• **WHAT IS NEEDED**: In the material below, find the line with "Área de serviço" and the line with "会場内は、ブランドの象徴であ", then output those two lines and every line between them, exactly.

• **DATA UNDER STUDY**:
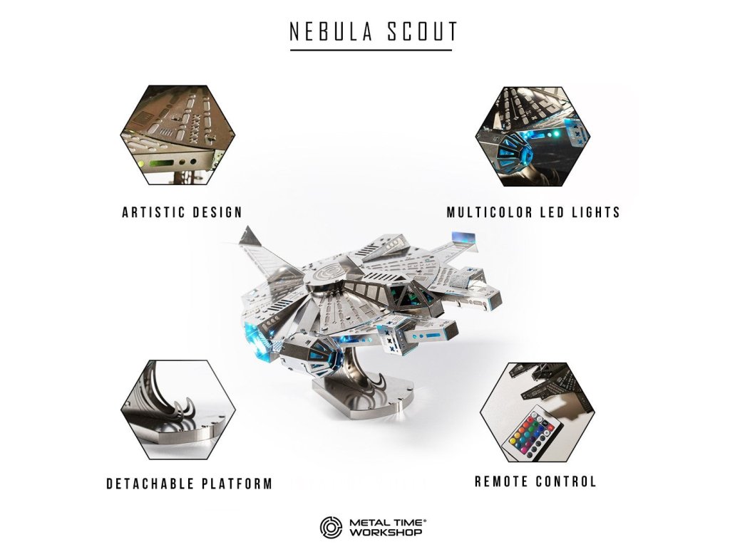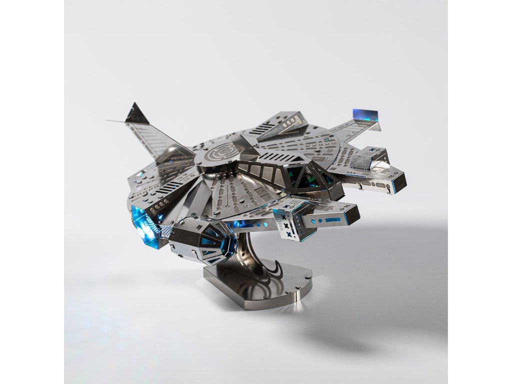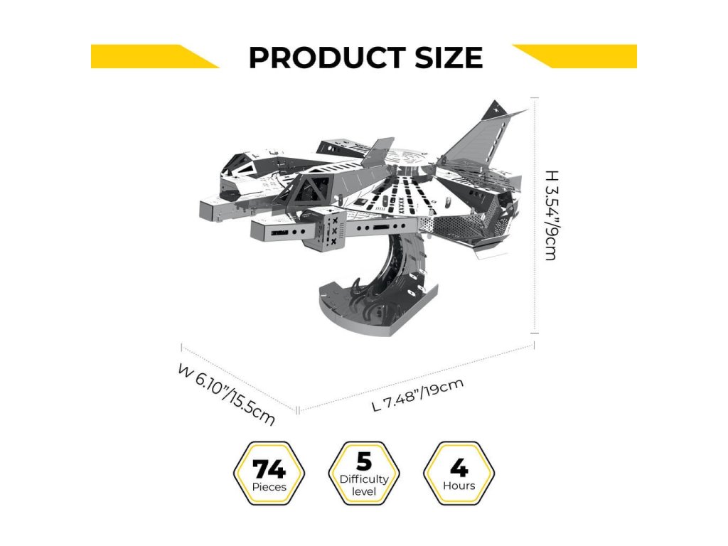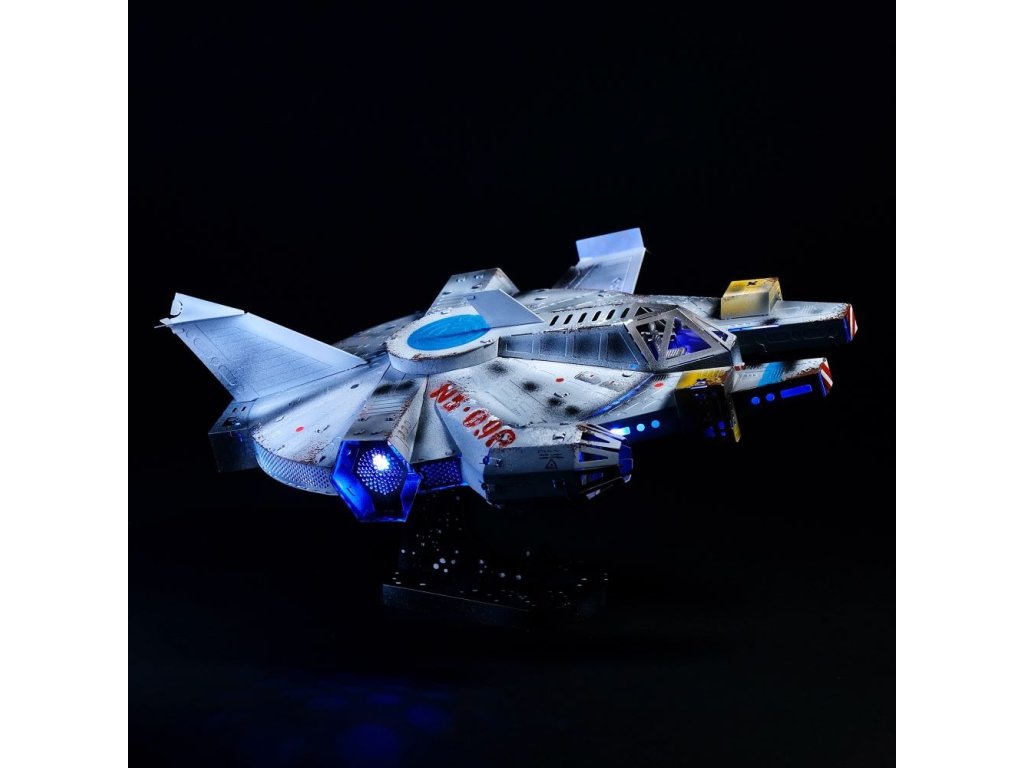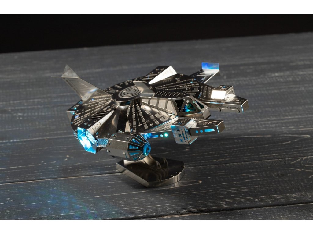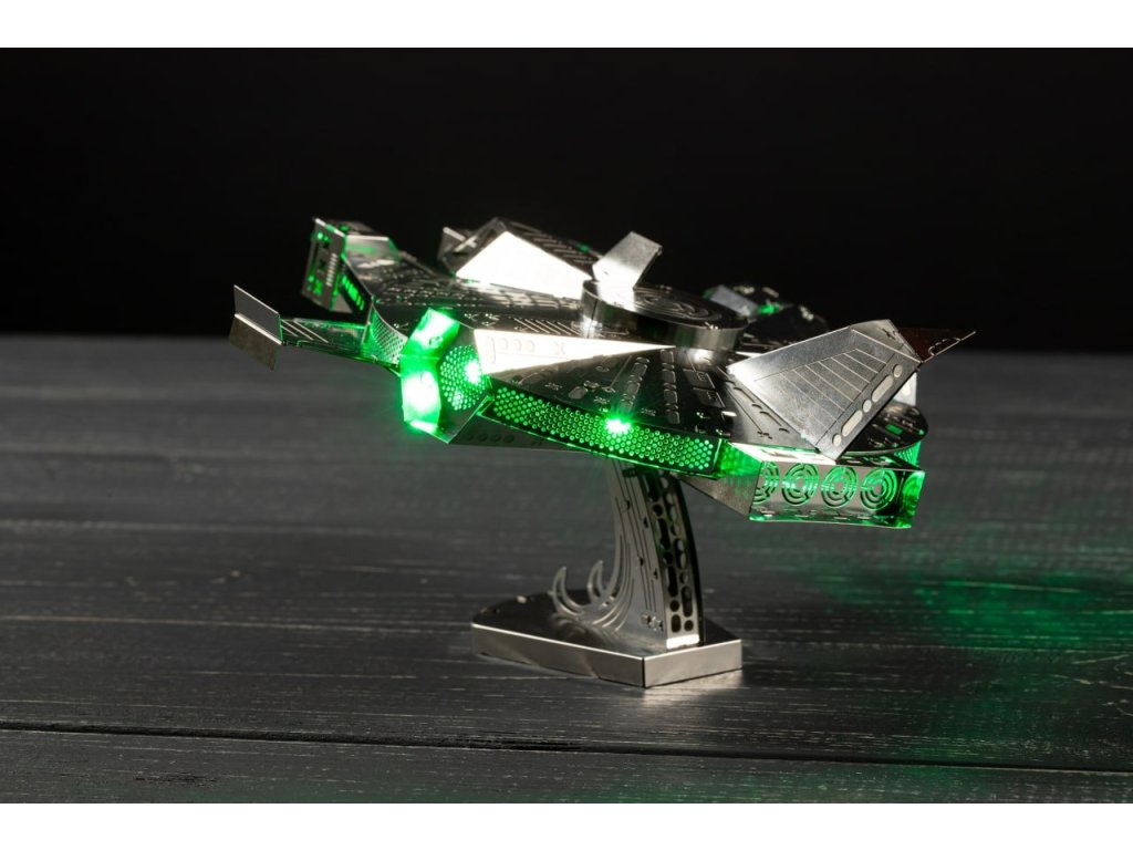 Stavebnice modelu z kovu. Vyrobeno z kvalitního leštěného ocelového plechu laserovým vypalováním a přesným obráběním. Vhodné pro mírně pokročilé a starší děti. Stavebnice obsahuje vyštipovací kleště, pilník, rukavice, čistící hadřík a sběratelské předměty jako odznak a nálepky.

...

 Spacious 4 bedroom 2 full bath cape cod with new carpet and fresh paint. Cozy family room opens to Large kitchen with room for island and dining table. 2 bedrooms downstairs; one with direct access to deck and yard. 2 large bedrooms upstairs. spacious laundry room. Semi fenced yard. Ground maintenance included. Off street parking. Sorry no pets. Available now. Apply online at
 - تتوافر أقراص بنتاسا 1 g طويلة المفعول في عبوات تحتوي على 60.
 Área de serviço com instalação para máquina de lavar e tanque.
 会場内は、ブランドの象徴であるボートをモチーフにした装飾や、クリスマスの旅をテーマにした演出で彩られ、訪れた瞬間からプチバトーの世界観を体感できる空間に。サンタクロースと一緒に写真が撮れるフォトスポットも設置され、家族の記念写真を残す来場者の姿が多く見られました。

--

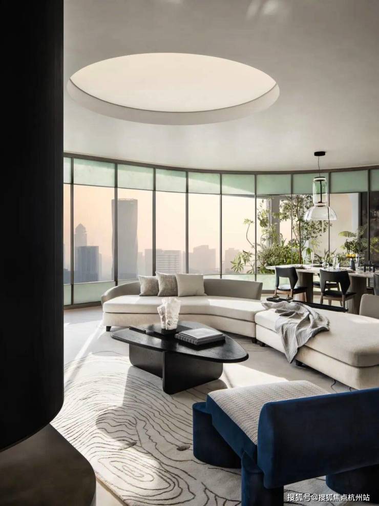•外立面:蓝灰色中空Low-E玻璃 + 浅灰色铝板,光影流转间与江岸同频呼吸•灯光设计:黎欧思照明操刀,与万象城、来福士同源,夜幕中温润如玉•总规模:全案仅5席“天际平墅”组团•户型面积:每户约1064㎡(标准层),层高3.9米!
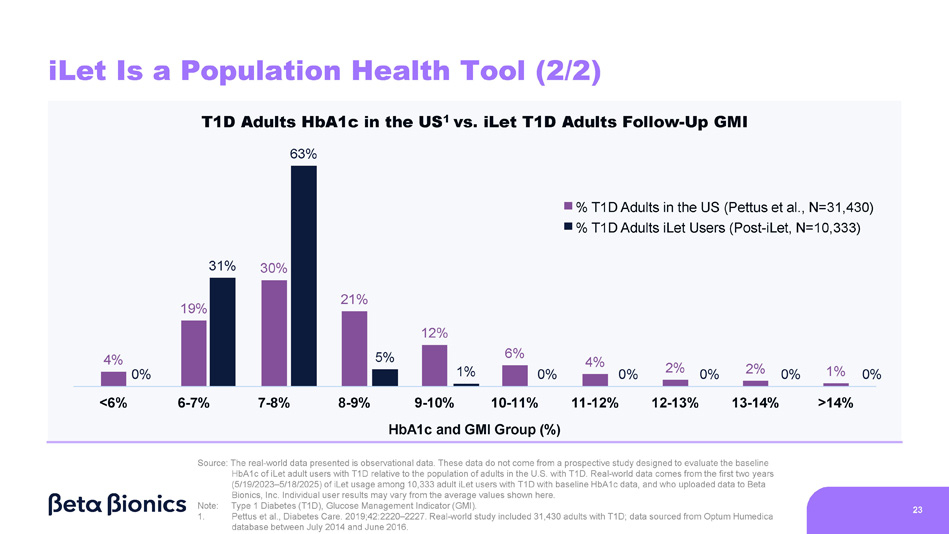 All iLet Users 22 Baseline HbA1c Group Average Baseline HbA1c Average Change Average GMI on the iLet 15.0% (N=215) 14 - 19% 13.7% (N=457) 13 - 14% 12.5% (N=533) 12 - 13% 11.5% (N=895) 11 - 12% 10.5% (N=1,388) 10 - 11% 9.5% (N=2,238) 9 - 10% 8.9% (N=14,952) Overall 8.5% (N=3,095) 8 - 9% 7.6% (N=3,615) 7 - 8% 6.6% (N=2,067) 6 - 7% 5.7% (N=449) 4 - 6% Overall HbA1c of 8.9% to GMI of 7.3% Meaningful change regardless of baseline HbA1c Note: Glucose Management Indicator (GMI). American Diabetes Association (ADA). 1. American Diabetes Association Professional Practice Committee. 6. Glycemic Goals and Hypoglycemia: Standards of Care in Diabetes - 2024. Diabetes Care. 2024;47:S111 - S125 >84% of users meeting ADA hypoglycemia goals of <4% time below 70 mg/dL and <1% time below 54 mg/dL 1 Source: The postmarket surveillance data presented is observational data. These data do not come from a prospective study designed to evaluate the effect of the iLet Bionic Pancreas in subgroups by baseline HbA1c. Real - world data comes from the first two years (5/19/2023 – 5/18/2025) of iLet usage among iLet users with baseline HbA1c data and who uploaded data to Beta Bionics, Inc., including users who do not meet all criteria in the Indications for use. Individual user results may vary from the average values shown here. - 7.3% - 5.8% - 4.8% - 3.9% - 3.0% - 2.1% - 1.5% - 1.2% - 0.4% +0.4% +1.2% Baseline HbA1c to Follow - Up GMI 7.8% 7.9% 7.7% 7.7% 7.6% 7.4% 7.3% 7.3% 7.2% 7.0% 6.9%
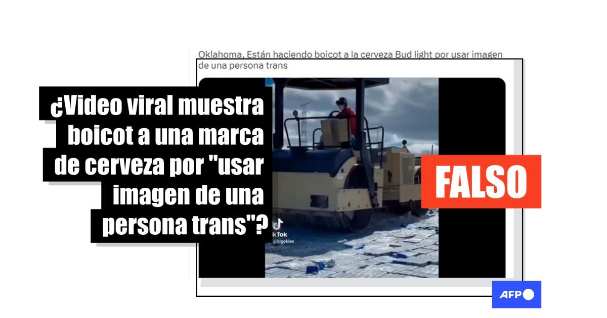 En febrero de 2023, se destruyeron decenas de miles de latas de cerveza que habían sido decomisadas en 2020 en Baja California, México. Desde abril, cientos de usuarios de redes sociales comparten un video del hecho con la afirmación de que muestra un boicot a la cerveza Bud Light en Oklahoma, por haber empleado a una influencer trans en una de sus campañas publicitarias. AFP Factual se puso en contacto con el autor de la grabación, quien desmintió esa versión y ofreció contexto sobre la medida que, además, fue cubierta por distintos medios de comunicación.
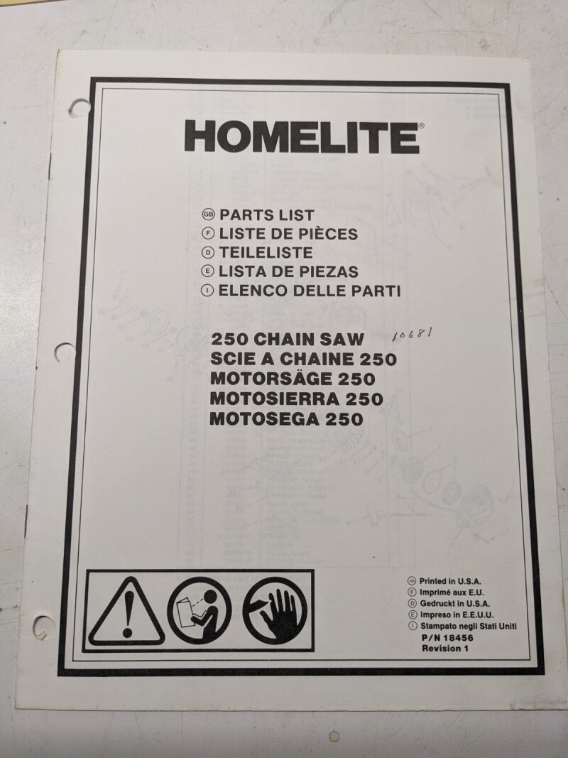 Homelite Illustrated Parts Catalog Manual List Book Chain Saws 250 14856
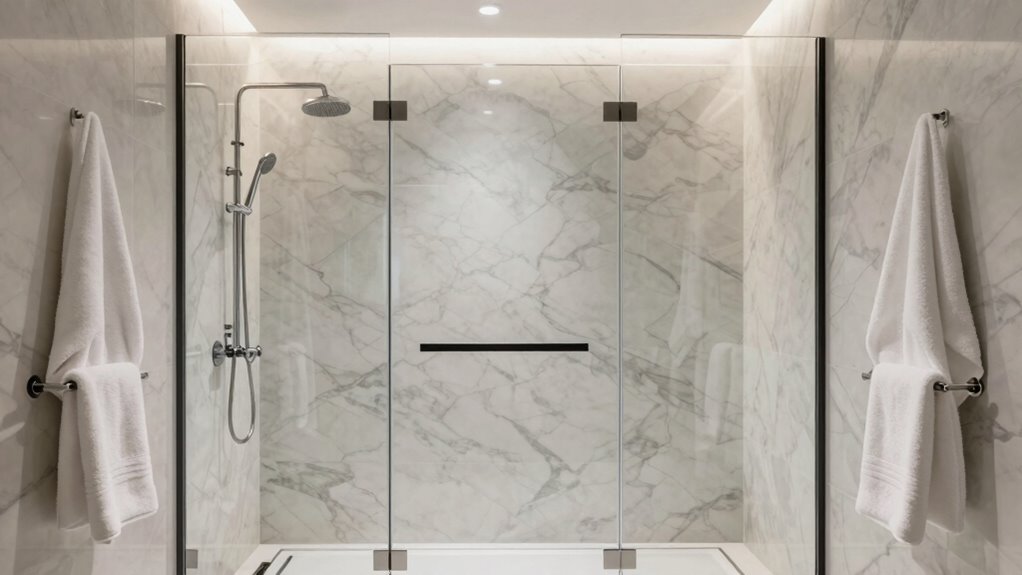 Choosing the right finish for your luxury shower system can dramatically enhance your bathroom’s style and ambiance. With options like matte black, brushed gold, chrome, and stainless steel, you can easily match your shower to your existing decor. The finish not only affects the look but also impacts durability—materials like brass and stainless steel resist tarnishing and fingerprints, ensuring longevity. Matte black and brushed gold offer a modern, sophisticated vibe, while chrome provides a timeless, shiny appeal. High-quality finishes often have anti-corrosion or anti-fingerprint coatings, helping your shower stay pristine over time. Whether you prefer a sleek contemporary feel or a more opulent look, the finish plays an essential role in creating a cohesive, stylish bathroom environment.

• **ANSWER**:
 Área de serviço com instalação para máquina de lavar e tanque.
 会場内は、ブランドの象徴であるボートをモチーフにした装飾や、クリスマスの旅をテーマにした演出で彩られ、訪れた瞬間からプチバトーの世界観を体感できる空間に。サンタクロースと一緒に写真が撮れるフォトスポットも設置され、家族の記念写真を残す来場者の姿が多く見られました。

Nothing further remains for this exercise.